What are your rights as a data subject?

As data subjects, Customers/Suppliers/Users are guaranteed the right of access, rectification, updating, limitation, and deletion of their personal data (except when the data is indispensable for the provision of services by SUDD or for compliance with legal obligations to which the data controller is subject), the right to object to their use for commercial purposes by SUDD and to withdraw consent, without compromising the lawfulness of the processing carried out based on the previously given consent, as well as the right to data portability.

What measures has SUDD taken to ensure the security of your personal data?

SUDD is committed to ensuring the protection of the security of the personal data provided to it, having approved and implemented rigorous rules in this regard.

Compliance with these rules is an obligation of all those who legally access them. Given the concern and commitment that SUDD demonstrates in the defense of personal data, various security measures have been adopted, of a technical and organizational nature, to protect the personal data provided against their dissemination, loss, misuse, alteration, unauthorized processing or access, as well as against any other form of unlawful processing.

Additionally, third parties who, in the context of service provision, process the personal data of the Customer/Supplier/User on behalf and on behalf of SUDD, are required, in writing, to take technical and security measures necessary to protect personal data against accidental or unlawful destruction, accidental loss, alteration, dissemination or unauthorized access, and against any other form of unlawful processing.

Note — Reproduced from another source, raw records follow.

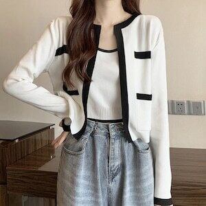大胆なモノトーン配色が目を引く大人コーデにおすすめの2点セットのニットアンサンブル
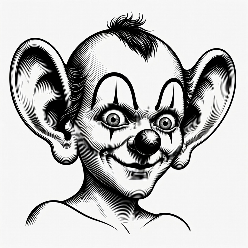 A black and white line art illustration depicts a cartoon clown with oversized ears, wide bulging eyes, and a big red nose. The clown has a mischievous wide smile, spiky hair on top, and arched eyebrows. It is shown in close-up on a plain white background.
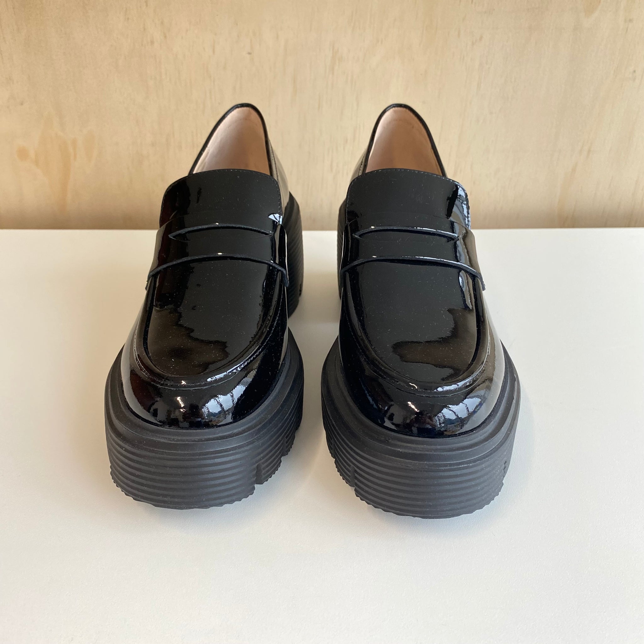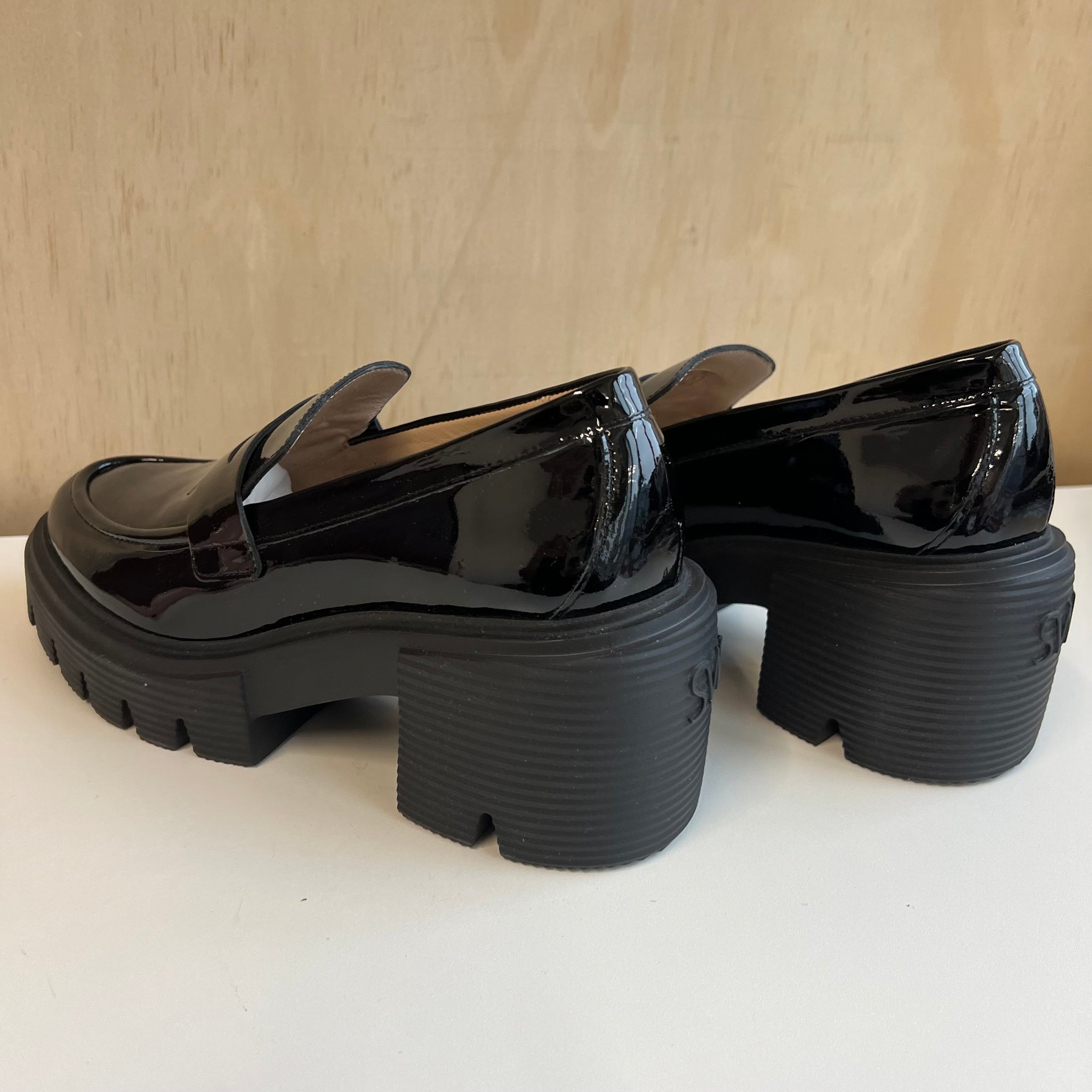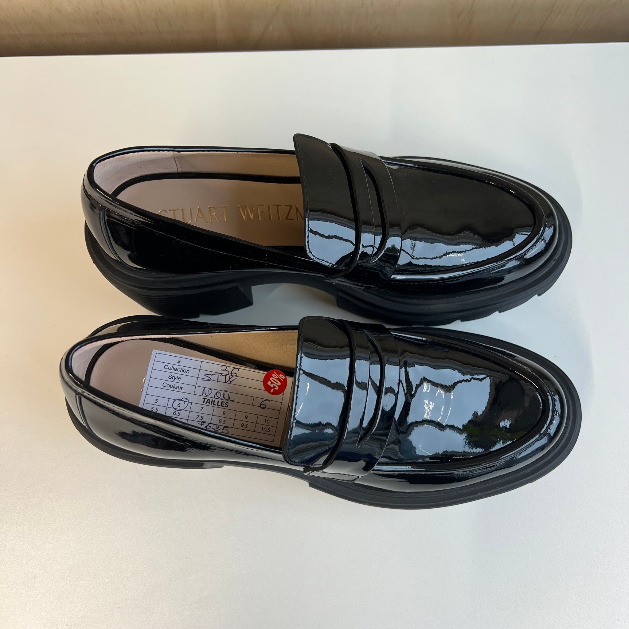 Chaussures de la marque Stuart Weitzman modèle Soho loafers à talons. Fini lustré sur le dessus. d'une valeur de 625$.

In any case, SUDD remains responsible for the personal data provided to it.

How can you access, rectify, update, limit, delete, or object to the processing of your personal data, or withdraw consent?

Without prejudice to the provisions of the GDPR, the data subject may do so directly or by written request addressed to the respective data controller, using the contacts provided for this purpose in this document, as well as other contacts provided by SUDD.

How can you object to receiving marketing contacts?

SUDD may promote disclosure actions to its Customers/Suppliers/Users regarding new products or services, namely through telephone, email, SMS, or any other electronic communications service, if the data subject has given their consent.

If the data subject no longer wishes to receive these communications, they may at any time withdraw their consent to the use of their data for marketing purposes.

Under what circumstances is data communicated to other entities (third parties and subcontractors)?

SUDD, in the scope of its activity, may resort to third parties for the provision of certain services. Sometimes, the provision of these services involves these entities’ access to personal data of Customers/Suppliers/Users.

When this happens, SUDD takes appropriate measures to ensure that the entities accessing the data are reputable and offer the highest guarantees in this regard, which is duly enshrined and safeguarded contractually between SUDD and the third-party entity(s).

Thus, any entity subcontracted by Frijobel will process the personal data of our Customers/Suppliers/Users on behalf and on behalf of SUDD, adopting the necessary technical and organizational measures to protect personal data against accidental or unlawful destruction, accidental loss, alteration, dissemination, or unauthorized access, and against any other form of unlawful processing. In any case, SUDD remains responsible for the personal data provided to it.

Under what circumstances are your personal data transferred?

The provision of certain services by SUDD may involve the transfer of your data outside of Portugal, including outside the European Union or to International Organizations. In such cases, SUDD will strictly comply with the applicable legal provisions, namely regarding the determination of the adequacy of the destination country(ies) regarding the protection of personal data and the applicable requirements for such transfers, including, whenever applicable, the conclusion of the appropriate contractual instruments that ensure and respect the legal requirements in force.

How can you become aware of any changes to the personal data protection policy?

SUDD reserves the right to at any time make readjustments or changes to this Personal Data Protection Policy.